11 Jul 07 - The Straits Times Forum
MR JANADAS Devan's article, 'Can mum, mum and kids make a family?' (ST, July 7), suggested that Singapore should, in the long run, come to accept homosexuality on the basis of statistics, genetics and helping Singapore become one of the creative cities of the world.
To cite the example of a lesbian friend who is observed to be in a stable relationship with a same-sex partner, and who are loving parents to well-adjusted children and are model citizens and then invoking demographics to suggest that homosexual behaviour is more prevalent than one thinks do not make it acceptable.
This line of argument, taken to its logical extreme, suggests that one day in the future the world should also come to tolerate and accept other alternative lifestyles involving loving relations between consenting adult siblings or parents and their children (with adopted children thrown in to avoid defective genes being transmitted) when they become demographically prevalent.
Positive examples and high statistics cannot be the factors by which we decide what are acceptable, in the same way that negative examples and low statistics do not make the same behaviour unacceptable.
Raising the possibility that homosexual behaviour may be proven in future to have a genetic basis as a reason for acceptance is gaining ground, given that even Minister Mentor Lee Kuan Yew has articulated this line of argument recently on two occasions.

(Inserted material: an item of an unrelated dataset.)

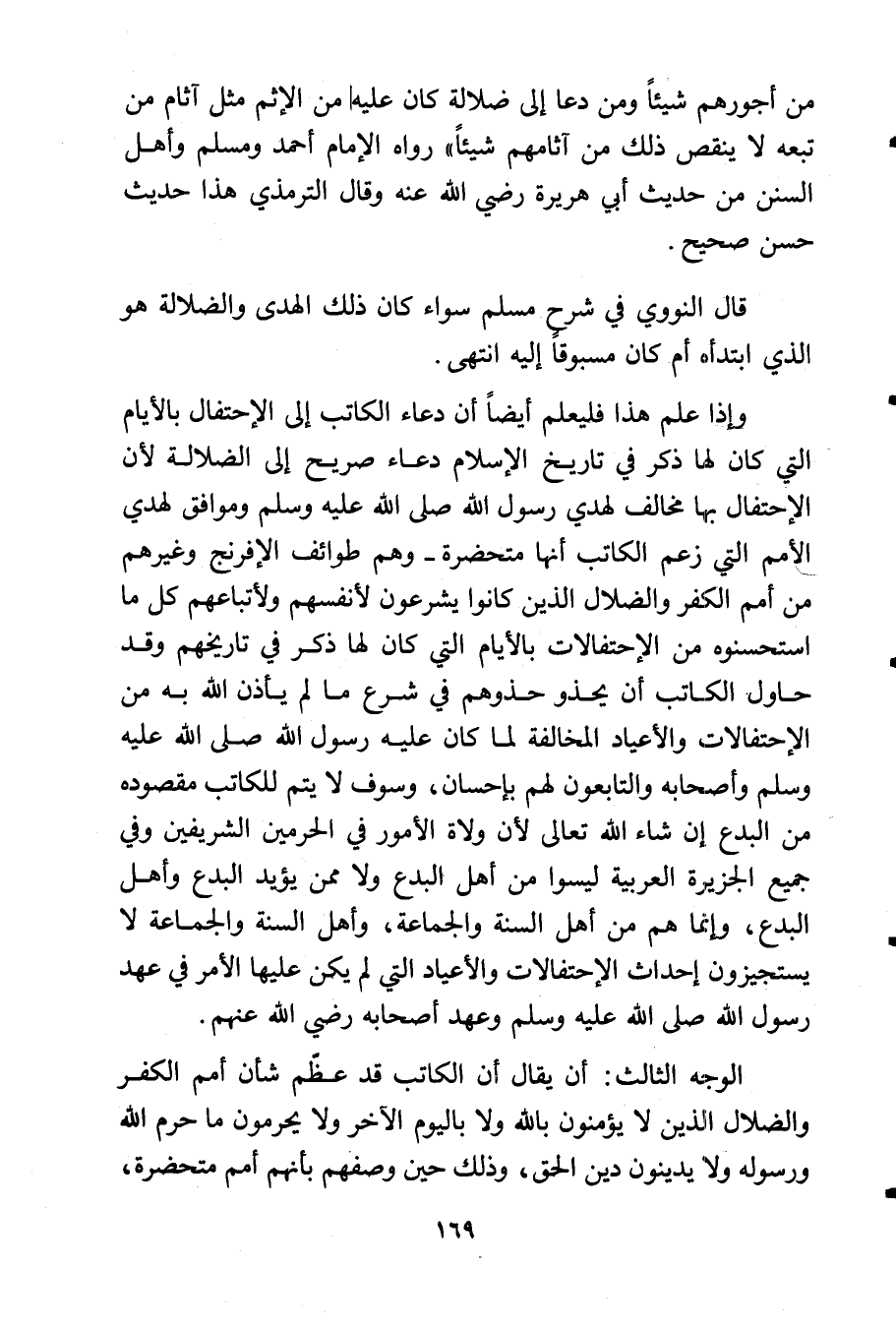 وإذا علم هذا فليعلم أيضاً أن دعاء الكاتب إلى الاحتفال بالأيام التي كان لها ذكر في تاريخ الإسلام دعاء صريح إلى الضلالة لأن الاحتفال بها مخالف لهدي رسول الله - صلى الله عليه وسلم - وموافق لهدي الأمم التي زعم الكاتب أنها متحضرة - وهم طوائف الإفرنج وغيرهم من أمم الكفر والضلال الذين كانوا يشرعون لأنفسهم ولأتباعهم كل ما استحسنوه من الاحتفالات بالأيام التي كان لها ذكر في تاريخهم وقد حاول الكاتب أن يحذو حذوهم في شرع ما لم يأذن الله به من الاحتفالات والأعياد المخالفة لما كان عليه رسول الله - صلى الله عليه وسلم - وأصحابه والتابعون لهم بإحسان, وسوف لا يتم للكاتب مقصوده من البدع إن شاء الله تعالى لأن ولاة الأمور في الحرمين الشريفين وفي جميع الجزيرة العربية ليسوا من أهل البدع ولا ممن يؤيد البدع وأهل البدع, وإنما هم من أهل السنة والجماعة, وأهل السنة والجماعة لا يستجيزون إحداث الاحتفالات والأعياد التي لم يكن عليها الأمر في عهد رسول الله - صلى الله عليه وسلم - وعهد أصحابه رضي الله عنهم.
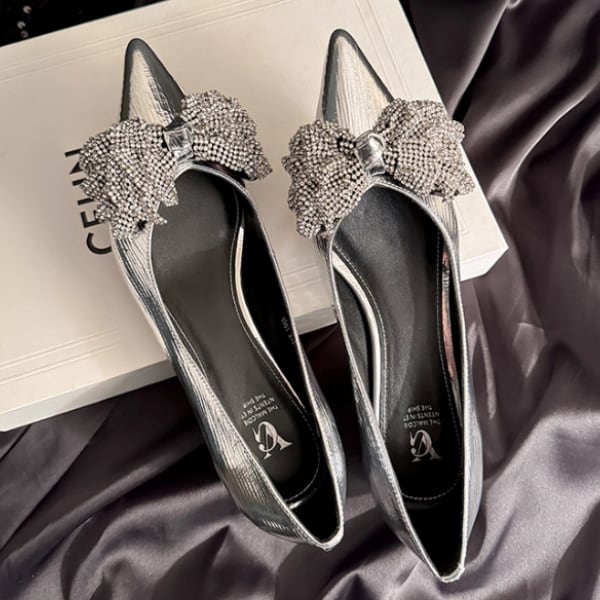 ビジューリボン ポインテッドトゥ パンプス 238212

If that happens, should we believe that those with the same DNA (as in multiple births) containing the 'homosexual genes' would all necessarily turn out to be gay? Should we not then take the argument to its logical conclusion and suggest that God is to be blamed for implanting defective genes that caused the many degenerative diseases and medical conditions?
Many, Mr Janadas included, have seized on biblical passages selectively to question the Church and its beliefs. The same Lord Jesus Christ that Mr Janadas quoted in the article also said on the same occasion that he affirmed all the Laws that had been laid down in the past and one of them included God's abhorrence of homosexual practices, as stated in the Old and New Testaments.
If actively catering to talented and creative homosexuals is critical to Singapore's desire to become one of the most creative cities of the world, this Singaporean would rather pass and stick to a traditional family-based Singapore.